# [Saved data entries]

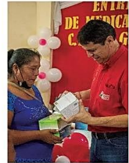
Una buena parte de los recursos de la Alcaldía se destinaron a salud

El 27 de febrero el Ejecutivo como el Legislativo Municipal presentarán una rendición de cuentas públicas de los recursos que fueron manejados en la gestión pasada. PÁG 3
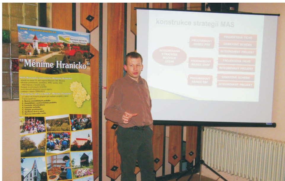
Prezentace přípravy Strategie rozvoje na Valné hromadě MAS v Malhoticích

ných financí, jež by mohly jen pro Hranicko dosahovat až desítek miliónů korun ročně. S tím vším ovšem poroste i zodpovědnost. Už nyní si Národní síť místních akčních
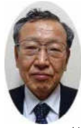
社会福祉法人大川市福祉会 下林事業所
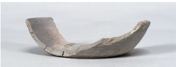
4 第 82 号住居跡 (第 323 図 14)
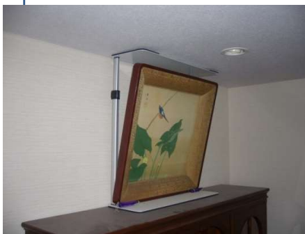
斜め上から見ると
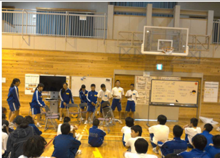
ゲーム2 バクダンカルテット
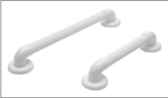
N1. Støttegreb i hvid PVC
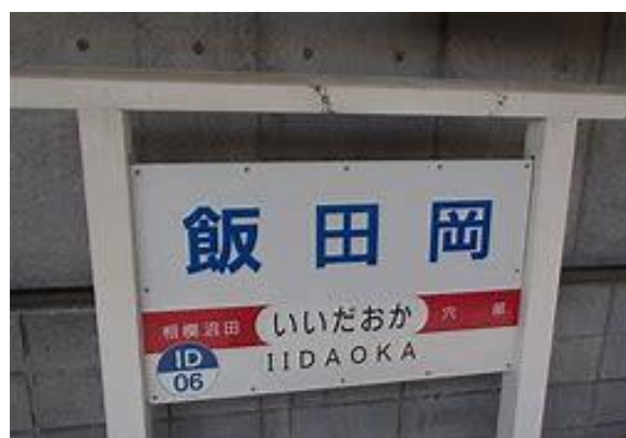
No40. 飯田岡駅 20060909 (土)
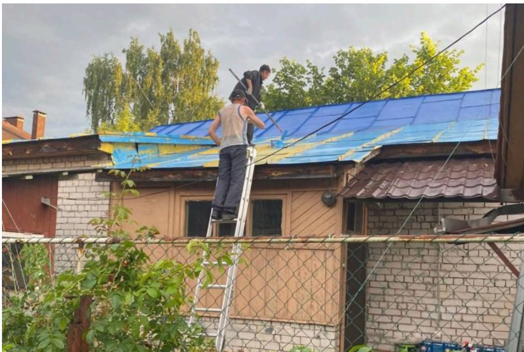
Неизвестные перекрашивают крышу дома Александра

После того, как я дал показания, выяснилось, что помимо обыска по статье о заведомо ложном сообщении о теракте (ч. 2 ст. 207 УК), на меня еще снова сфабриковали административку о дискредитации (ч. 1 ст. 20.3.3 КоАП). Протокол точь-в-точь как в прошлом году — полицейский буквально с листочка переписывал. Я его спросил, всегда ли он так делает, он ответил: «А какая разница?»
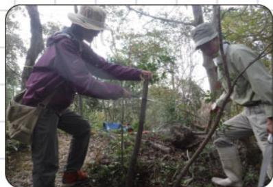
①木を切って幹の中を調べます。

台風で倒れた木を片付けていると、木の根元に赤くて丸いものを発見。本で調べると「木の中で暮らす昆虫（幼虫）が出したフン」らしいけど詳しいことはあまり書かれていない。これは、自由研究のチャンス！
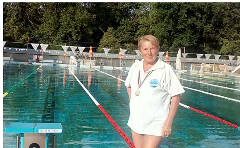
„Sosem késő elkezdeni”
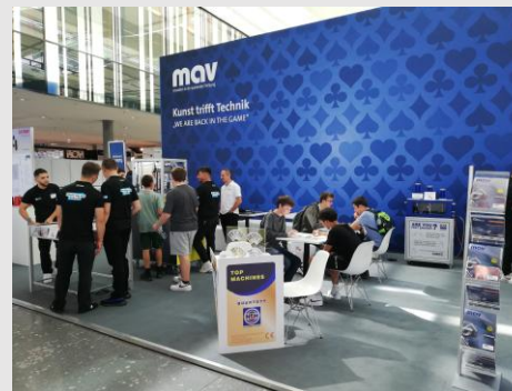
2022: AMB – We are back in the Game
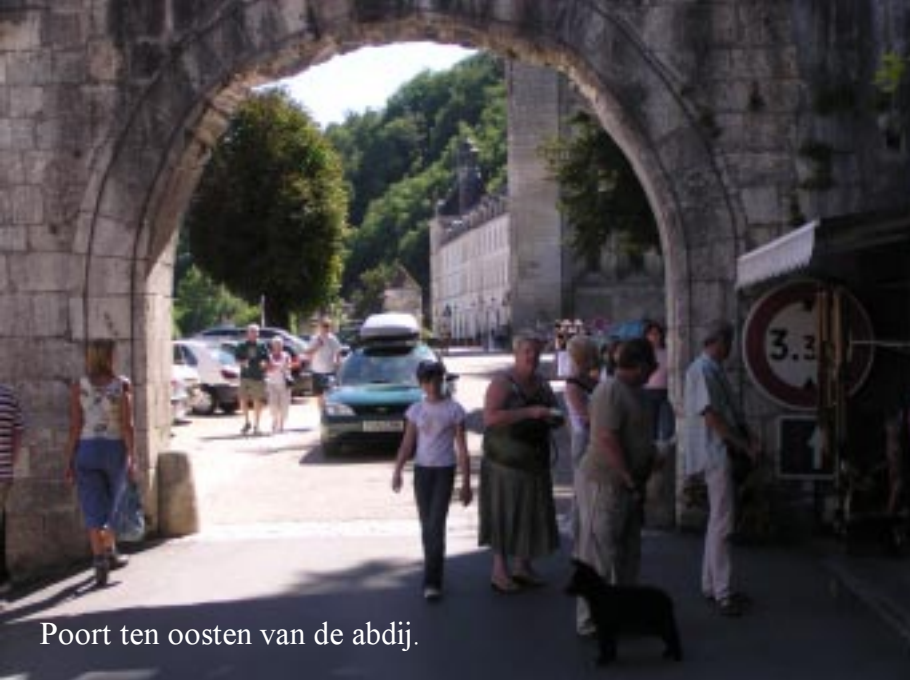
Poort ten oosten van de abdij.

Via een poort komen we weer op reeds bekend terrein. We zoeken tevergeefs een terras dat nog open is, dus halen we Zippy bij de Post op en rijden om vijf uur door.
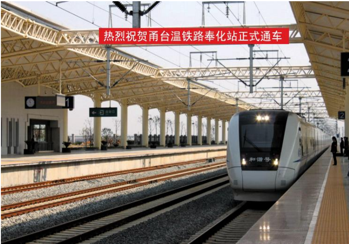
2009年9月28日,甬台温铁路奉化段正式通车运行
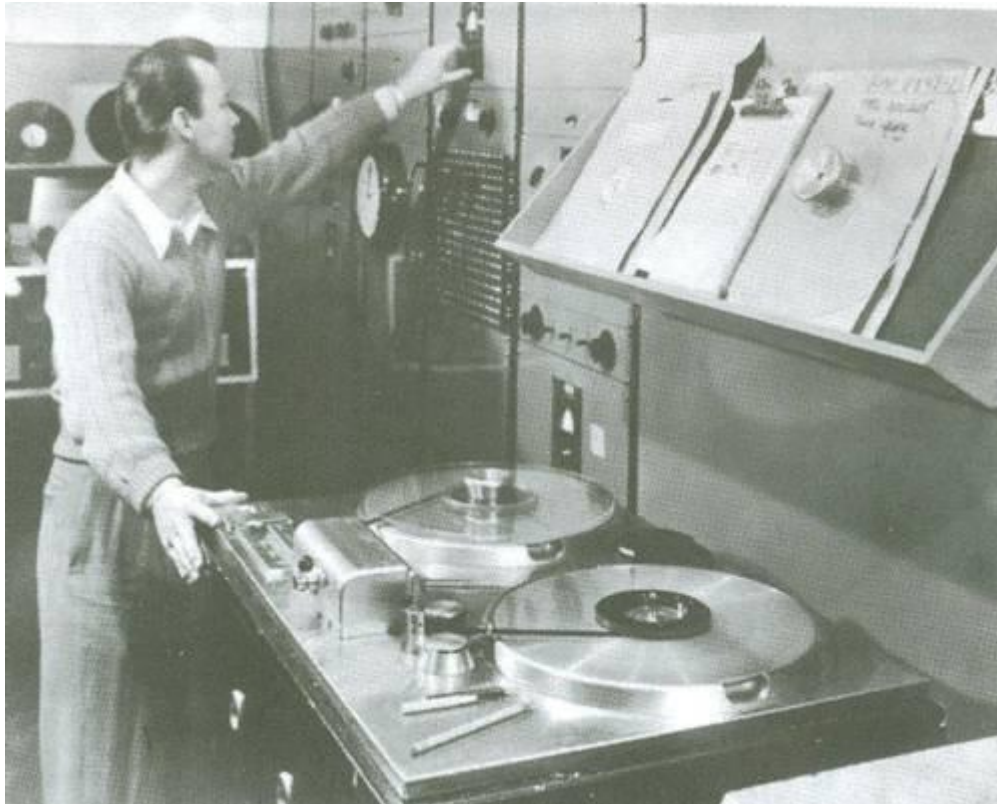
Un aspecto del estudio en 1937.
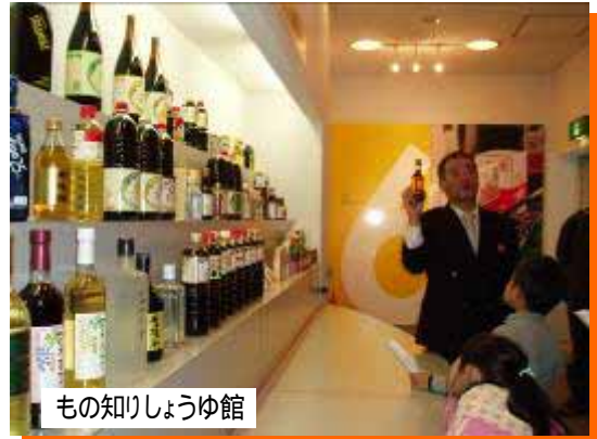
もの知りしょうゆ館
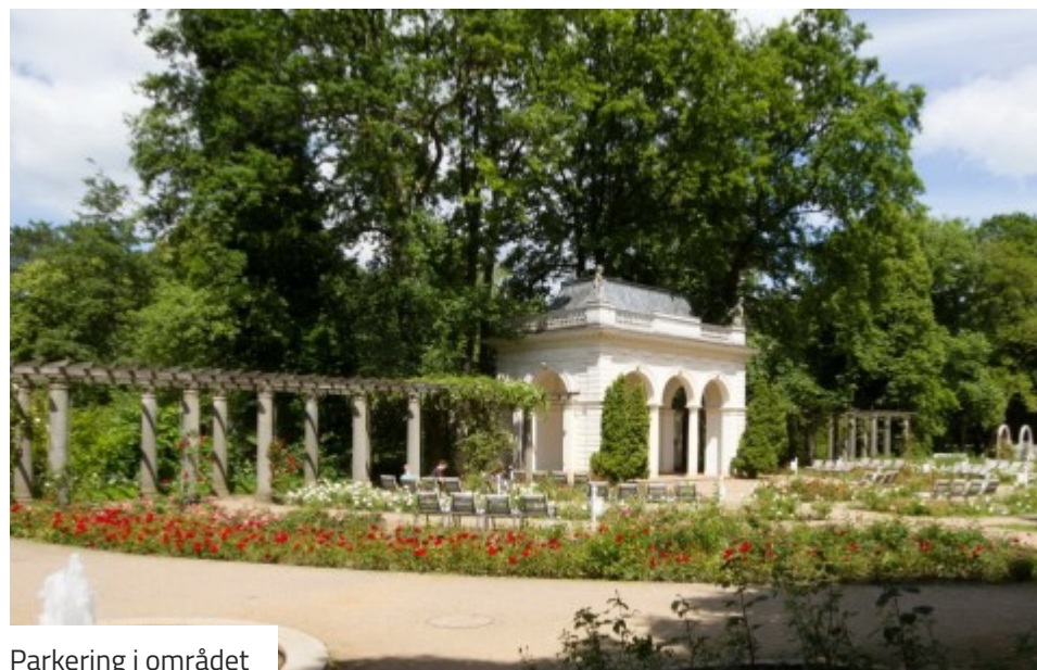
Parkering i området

# [Work order]
Where the line containing "Un aspecto del estudio en 1937." appears in the data above, begin there and output every line through the last, exactly and without pictures.

# [Response to the exercise]
Un aspecto del estudio en 1937.
もの知りしょうゆ館
Parkering i området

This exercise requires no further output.